Can we put a price on drinking water, Orang-utans, cultural or historical sites in pursuit of conserving these values? Issues around these questions were raised during yesterday’s meeting on ecosystem services.
Carbon credits have become an integrated part of our vocabulary, while putting a value on greenhouse gasses is a widely accepted idea. Can we similarly put a price on drinking water, Orang-utans, cultural or historical sites in pursuit of conserving these values? Issues around these questions were raised during yesterday’s meeting on ecosystem services.
Watershed protection, biodiversity, carbon storage, cultural and historical sites are all examples of what can fall under the term ecosystem services. While the term has been frequently discussed in the NGO community, Ecosystem Services may present itself as another mechanism for driving conservation of forest values, so what is FSC’s role in this?
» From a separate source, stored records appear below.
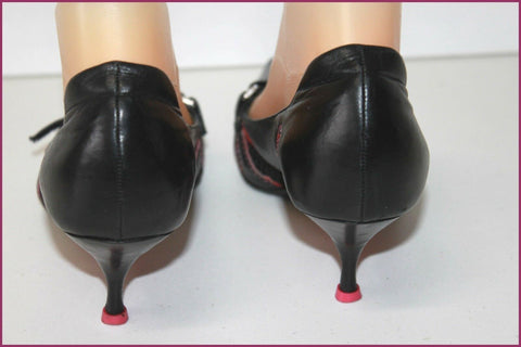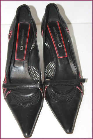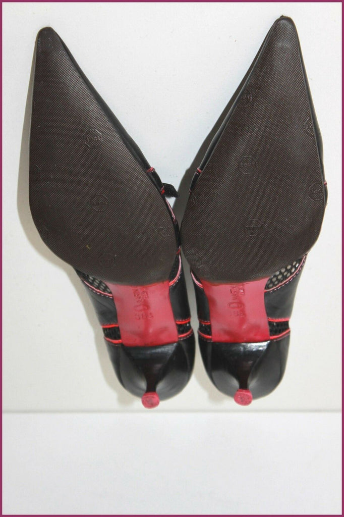 MARTINI OSVALDO Escarpins Pointus Tout Cuir Ajouré Noir T 38.5 TBE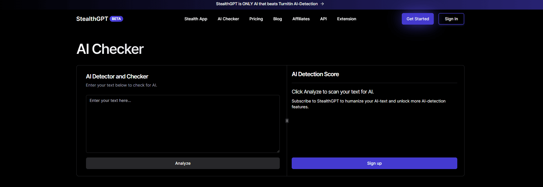 Using StealthGPT's AI Checker, you will be able to navigate the digital jungle as seamlessly as possible, ensuring the integrity of your content. We have designed a user-friendly interface that makes it easy to use instead of having to decipher technical jargon.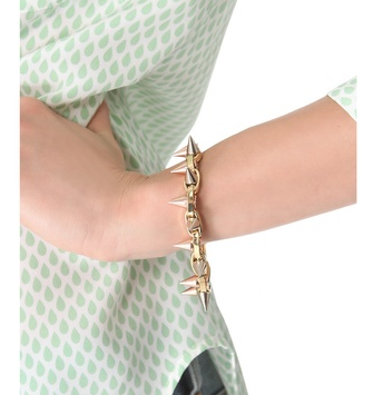 Two rows of gleaming spikes add an edgy touch to a mixed-metal, chain-link bracelet. Lobster-claw clasp.ย Available here
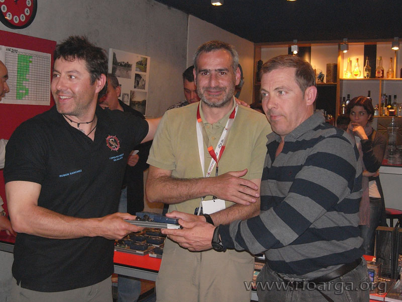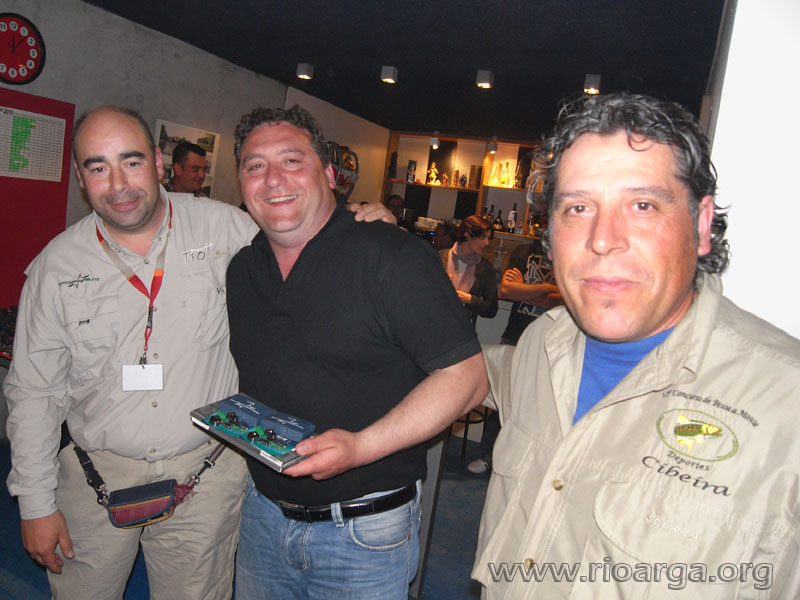 Los triunfadores indiscutibles del concurso fueron Jordi Oliveras ¿O habría que decir ya Olveiras, en galego? y David Arcay. Este también lograría el mayor número de peces, CUARENTA Y CINCO o lo que es lo mismo, una media de 5.5 comunes por hora, lo que no está nada mal y en cuanto a la pieza mayor creo que de 49 cm., no estoy seguro, la capturó Javier Del Río, un loco de la pesca en lago y loco también a secas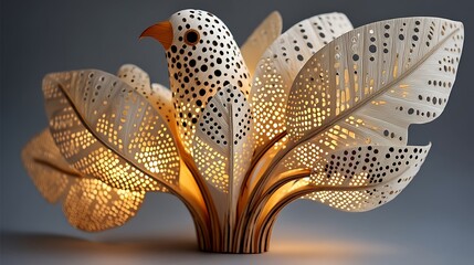 A light grey fabric-covered smart speaker sits on a white surface against a vibrant, multicolored backdrop.  A subtle light ring encircles its base
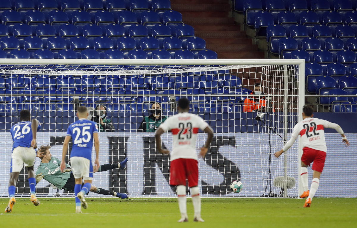 Soccer Football - Bundesliga - Schalke 04 v VfB Stuttgart - Veltins-Arena, Gelsenkirchen, Germany - October 30, 2020 VfB Stuttgart's Nicolas Gonzalez scores their first goal from the penalty spot REUTERS/Leon Kuegeler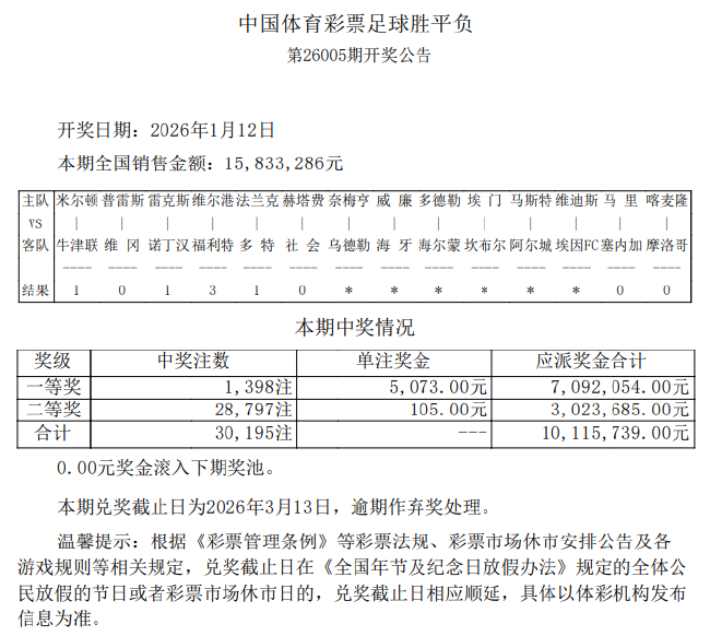 北京时间1月12日,胜负彩第26005期开奖结果揭晓。本期足彩头奖共开出1398注,单注奖金5073元;二等奖开出28,797注105元;任九开168,167注29元。本期胜负彩销量为15,833,286元,任九投注总额为7,852,816元。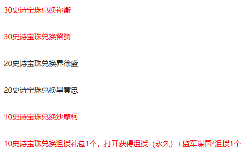 2023年七夕,审配陈登诸葛瞻神赵云接替了沙摩柯沮授留赞祢衡老四人组的位置,后续诸葛瞻开放合成,张让又代替了诸葛瞻的位置,说是限时兑换,却一直持续到24年春节才又换回老四人组,一直持续到今天,只有偶尔的大活动审配神赵等才会一并加入材料兑换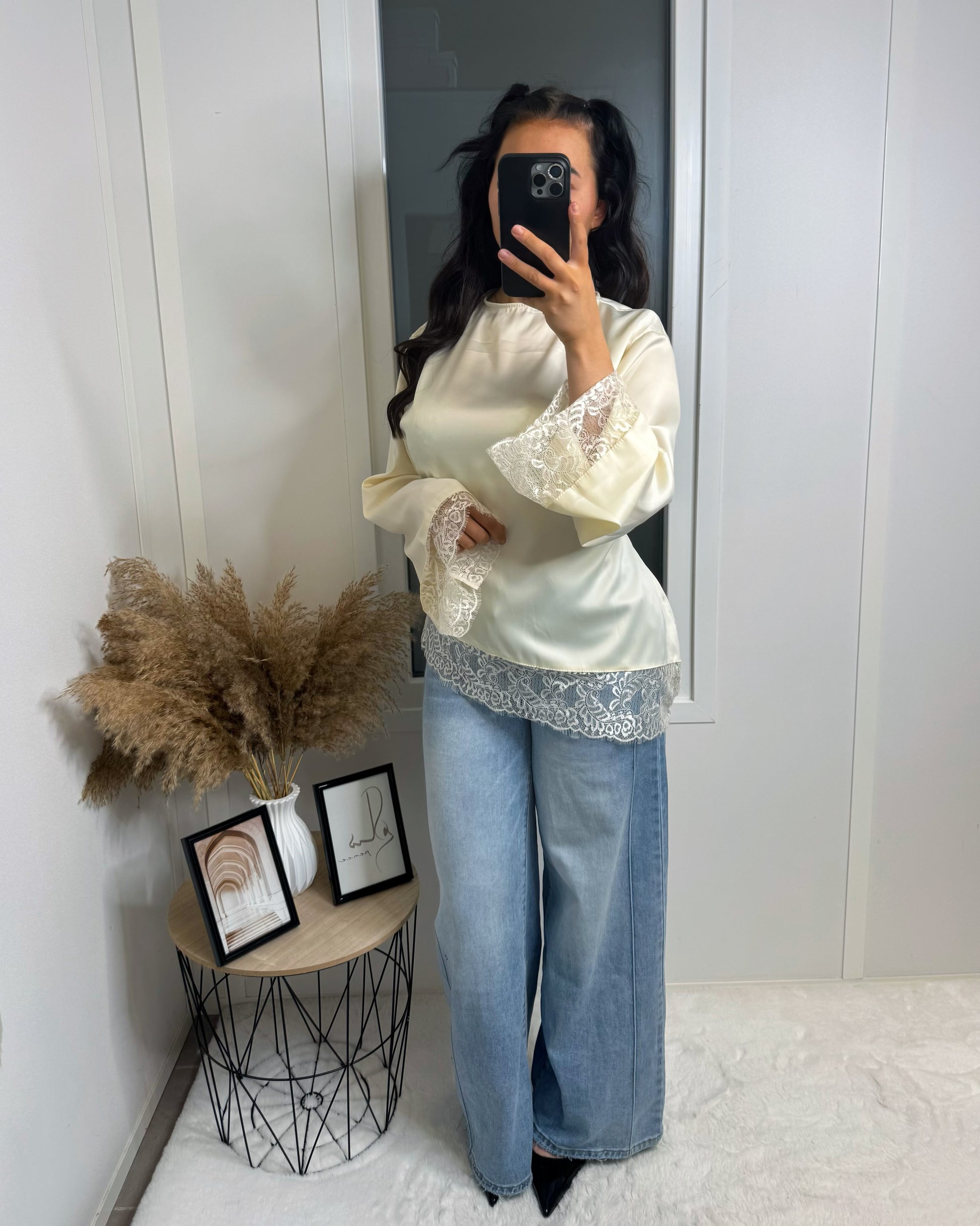 Le top dentelle allie élégance et confort avec sa coupe cintrée à l'arrière. Les détails en dentelle au niveau des manches et du bas ajoutent une touche féminine et délicate, parfait pour sublimer n'importe quelle tenue. Idéal pour des soirées ou des occasions spéciales.
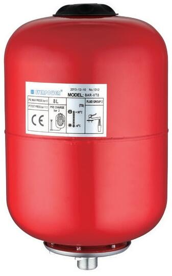 Everpower BAR-VT12 függőleges tágulási tartály, 12 liter, 6 bar 12 literes függőleges tágulási tartály zárt fűtési rendszerekhez; Cserélhető EPDM membrán; Elektrosztatikus közegben festve; Temp. maximum = 110˚C; Üzemi nyomás = 6 Bar; Rozsdamentes acél karima.

FSC’s opportunity to re-evaluate
Certification is a market driven tool presenting a central question whether ecosystem services should be certified. At the meeting, FSC presented a project they are running with a number of partners to assess how feasible it is for FSC to engage in certification of ecosystem services. The purpose of the project is to determine the market demand, develop business models, generic indicators and to run pilot tests. The piloting will be in Vietnam, Indonesia, Nepal and Chile.
“When we established FSC more than 15 years ago, the aim was not only to certify timber, but to embrace measures that can conserve forest and promote their responsible management”, explains Richard Donovan, Vice President of Rainforest Alliance and founding member of FSC.
“This project on certification of ecosystem services may help to move this higher up the agenda again and FSC actually has a very good position for doing so”. Mr. Donovan explains how FSC’s current structure already holds a fairly good mechanism for building strong relationships with communities and indigenous groups, for handling High Conservation Value Forest and other key issues that are important for such a process”.
Practical tools and experience
It was clear from the “Ecosystem services: the benefits people obtain from ecosystems” meeting that there practical tools and experiences to build on, including methodologies to conduct assessments of ecosystems services. With no global standard with global and regional indicators developed as yet, this will be tackled in FSC’s project.
Moving forward, FSC forest management standards already hold the potential for ecosystem certification – at least 19 certificates where mentioned as examples. Adapting and changing the existing standards or the complete development of a new system are other options to be assessed.
“FSC is already addressing ecosystem services. The question remains: when will the market will be ready for this?” said Mr. Donovan.
Some fundamental questions remain unanswered at the current stage. IF there is a market, how will governments react to certification of broader ecosystem services? Will carbon off-setting be an element of the carbon markets, coined as “Payment for ecosystem services”?